Padfield P L
Department of Medical Sciences, Western General Hospital, University of Edinburgh, Scotland, UK.
J Hum Hypertens. 2002 Mar;16(3):159-62. doi: 10.1038/sj.jhh.1001321.
Primary aldosterone excess or hyperaldosteronism is an important cause of hypertension which, when associated with an aldosterone secreting adenoma, is amenable to surgical cure. The biochemical hallmarks of the condition are a relative excess of aldosterone production with suppression of plasma levels of renin (a proxy for angiotensin II, the major trophic substance regulating aldosterone secretion). This combination of a high aldosterone and a low renin is however more commonly associated with 'nodular hyperplasia' of the adrenal glands, a condition not improved by surgery and variably responsive to the effects of the mineralocorticoid antagonist, spironolactone. Until recently the prevalence of either form of secondary hypertension has been thought to be low such that few clinicians 'hunted' for it in the absence of hypokalaemia (the traditional clue for the syndrome). This view has been challenged, firstly by the realisation that no more than 50% of such patients will have a low plasma potassium and secondly by the assumption that a 'normal' plasma aldosterone is in fact inappropriately elevated if the renin level is low. A single measurement of the ratio of aldosterone to renin levels is claimed to be highly predictive of patients who will have primary aldosterone excess. This paper examines the logic behind such claims and presents evidence from the literature that an abnormal ratio is simply a different description of the low renin state and that such patients do not necessarily have mineralocorticoid hypertension. Most patients 'discovered' by this test will have what many call low-renin hypertension, a condition not amenable to specific therapy. Claims that they are peculiarly sensitive to the hypotensive effects of spironolactone have not been tested in controlled trials. The test would however be expected to pick up those individuals with true Conn's syndrome but such patients remain too few in number to justify widespread use of an expensive screening test.

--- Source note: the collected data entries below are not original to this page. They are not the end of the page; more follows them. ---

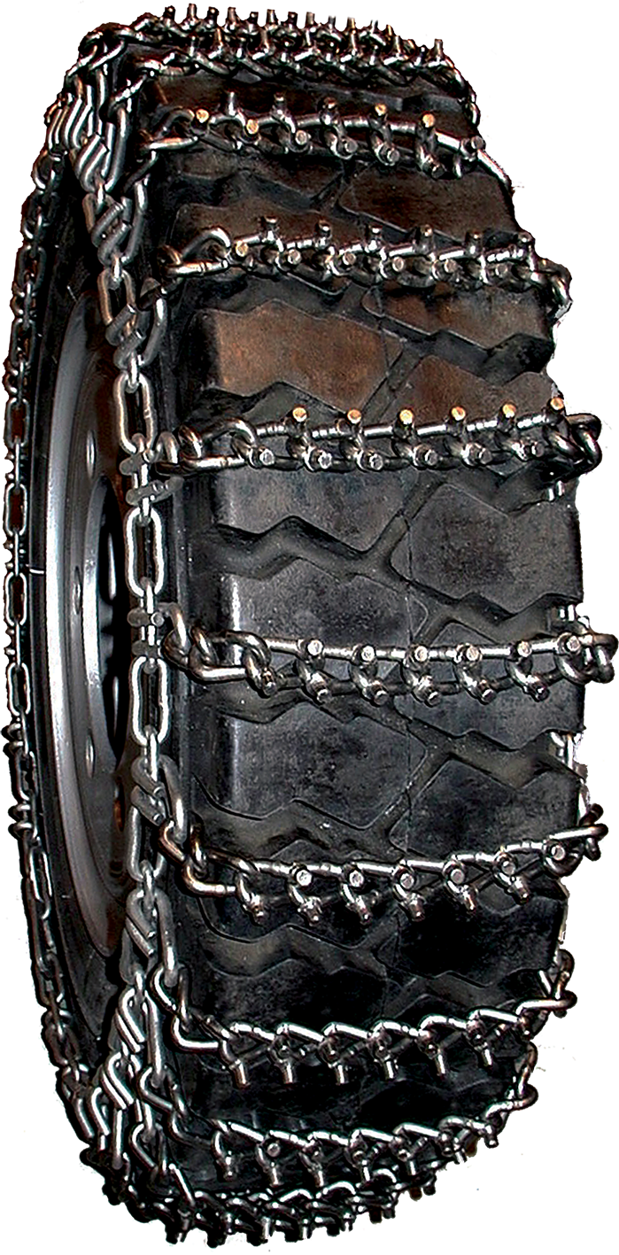 Chain for forklifts and other small machines with studs provides extra grip. Also available in a close-linked version for even better traction and a more comfortable ride. The chain is made from high-quality boron steel and features welded 6 mm round studs.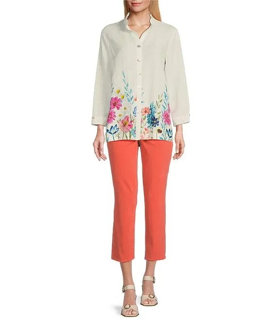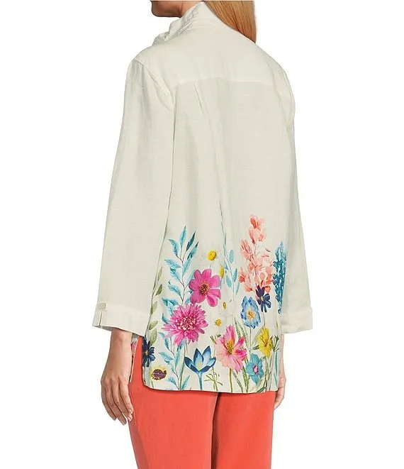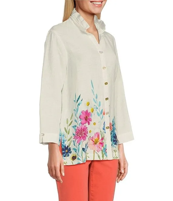 Floral Border Print Linen Wire Collar 3/4 Sleeves Button-Front Tunic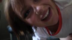 Uma jovem morena está meio deitada em uma poltrona com as pernas abertas. Ela acaricia seus peitos com uma mão e masturba sua boceta peluda com a outra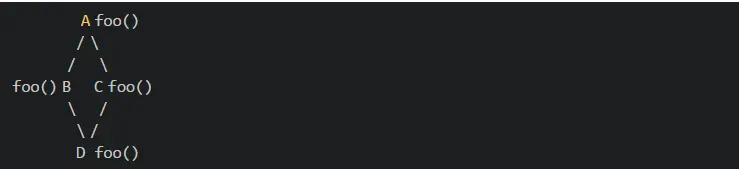 1)第一个原因是围绕钻石形继承问题产生的歧义,考虑一个类 A 有 foo() 方法, 然后 B 和 C 派生自 A, 并且有自己的 foo() 实现,现在 D 类使用多个继承派生自 B 和C,如果我们只引用 foo(), 编译器将无法决定它应该调用哪个 foo()。这也称为 Diamond 问题,因为这个继承方案的结构类似于菱形,见下图: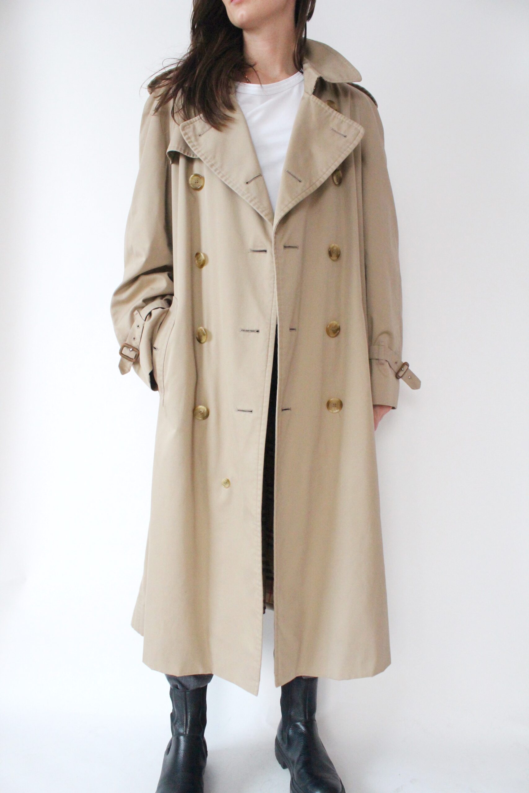 Trencz Burberry vintage, spodnie Monki model Kimomo, skórzane buty Ryłko

原发性醛固酮增多症或醛固酮增多症是高血压的一个重要病因,当与醛固酮分泌性腺瘤相关时,可通过手术治愈。该病症的生化特征是醛固酮产生相对过多,同时血浆肾素水平受到抑制(肾素是血管紧张素II的替代指标,血管紧张素II是调节醛固酮分泌的主要营养物质)。然而,高醛固酮和低肾素的这种组合更常见于肾上腺“结节性增生”,这种情况手术无法改善,且对盐皮质激素拮抗剂螺内酯的效果反应不一。直到最近,人们一直认为这两种继发性高血压的患病率都很低,以至于在没有低钾血症(该综合征的传统线索)的情况下,很少有临床医生去“追查”它。这种观点受到了挑战,首先是因为认识到此类患者中不超过50%会出现低血钾,其次是因为如果肾素水平低,那么“正常”的血浆醛固酮实际上是不适当升高的。单次测量醛固酮与肾素水平的比值据称对患有原发性醛固酮增多症的患者具有高度预测性。本文探讨了此类说法背后的逻辑,并展示了文献中的证据,即异常比值仅仅是低肾素状态的另一种描述,而且此类患者不一定患有盐皮质激素性高血压。通过该检测“发现”的大多数患者会患有许多人所说的低肾素性高血压,这种病症无法进行特异性治疗。关于他们对螺内酯的降压作用特别敏感的说法尚未在对照试验中得到验证。然而,该检测有望找出那些真正患有康恩综合征的个体,但此类患者数量仍然太少,无法证明广泛使用昂贵的筛查检测是合理的。